By Peter Nurse
Investing.com - European stock markets weakened Thursday on the back of dire business activity surveys that vividly illustrated the depth of the region’s economic shutdown, outweighing some better-than-expected quarterly earnings reports.
At 4 AM ET (0800 GMT), the U.K.'s FTSE index traded 0.4% lower, France's CAC 40 was down 0.1%, while the DAX fell 0.6%. The broader based Stoxx 600 Europe index dropped 0.4%.
French business activity plunged even more than expected this month, with the eurozone’s second largest economy reporting its preliminary purchasing managers' index for April dropping to 11.2 from 28.9 in March, the lowest reading on records going back to 1998.
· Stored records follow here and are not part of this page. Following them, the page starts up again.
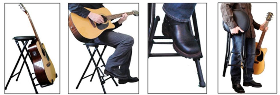 The StagePlayer2 caught our interest immediately because of its simple and useful design. It's a foldable stool with a built-in guitar stand and foot rest. Built for performing live or practicing at home, the StagePlayer2 simplifies the amount of gear you have to haul around. Here are the specs from Farley's:
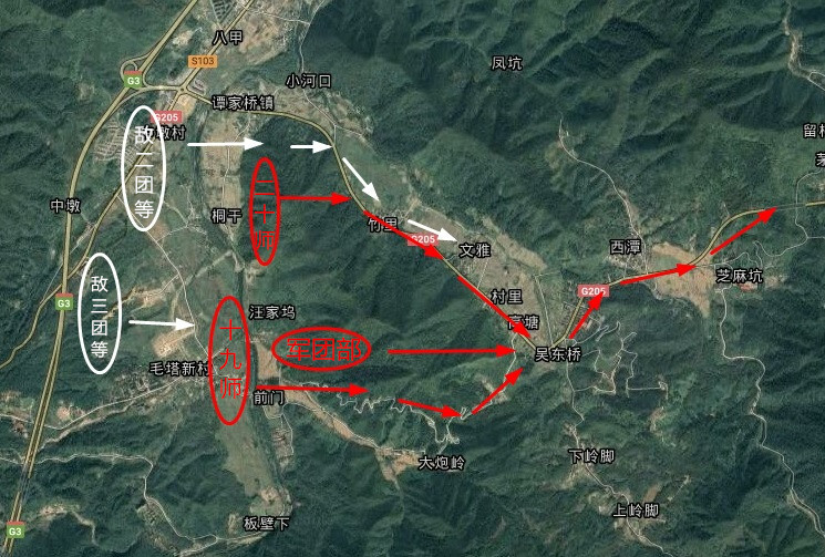参考图:当晚红十军团撤退路线及敌军追击路线(谷歌截图)
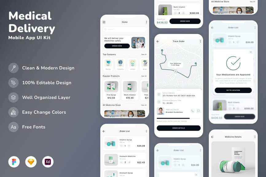 该 UI 套件采用现代设计趋势设计。
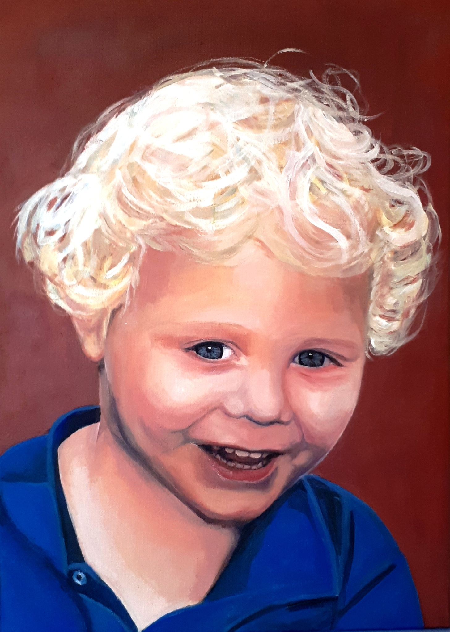 Red Rood Blond Fair Boy Jongen Portret Opdracht Portrait Commission Painting Schilderij Doek Canvas Acryl Acrylloc Louky Scheltema Loukyscheltema
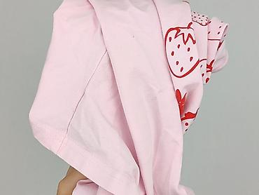 Bluzka damska w paski, rozmiar M - Krój: luźny, skrócony (crop), z obniżoną linią ramion i krótkimi rękawami - Wzór: drobne poziome paski w odcieniach pudrowego różu i bieli - Dekolt: okrągły - Ma...

And the news from Germany, the region’s biggest economy, wasn’t any better. Both services and manufacturing suffered record falls in output due to the coronavirus outbreak and measures to contain it. The composite PMI index plunged to 17.1 from 35.0 the previous month. The eurozone manufacturing index fell to 33.6, well below the 39.2 forecast.
Germany is still at the beginning of the coronavirus pandemic and will have to live with it for a long time, Chancellor Angela Merkel said on Thursday.
"We are not living in the final phase of the pandemic, but still at the beginning," she told the Bundestag lower house of parliament.
Yet there has been some positive news in the corporate world Thursday.
Shares in Credit Suisse (SIX:CSGN) rose 0.4% after the Swiss banking giant reported a jump in first-quarter net profit of 75% despite setting aside an additional 568 million Swiss francs ($552 million) for credit losses.
Hermes International (PA:HRMS) climbed 1.4% despite reporting a drop of 7.7% in its first-quarter revenue as its business was hit by the coronavirus. Its sales held up better compared with rivals LVMH Moet Hennessy Louis Vuitton (PA:LVMH) and Kering (PA:PRTP), whose first-quarter revenue recorded double-digit declines.
Italian and Spanish banking stocks were broadly higher after the European Central Bank adjusted its lending rules on Wednesday to ensure that it could still lend to them if their sovereign is downgraded to junk status.
Also, Aston Martin (LON:AML) shares climbed over 4% after it said it plans to restart its St Athan factory in south Wales on May 5 and will also resume operations at Gaydon later, after the coronavirus-led shutdowns forced the luxury car maker to suspend production at both sites.
The oil market recovered Thursday, posting healthy gains after recent historic losses, but remains at low levels given the global supply glut.
At 4 AM ET, U.S. crude June futures traded 7.3% higher at $14.78 a barrel. The international benchmark Brent contract rose 5.7% to $21.54.
Elsewhere, gold futures rose 0.1% to $1,740.40/oz, while EUR/USD traded at 1.0791, down 0.3% on the day.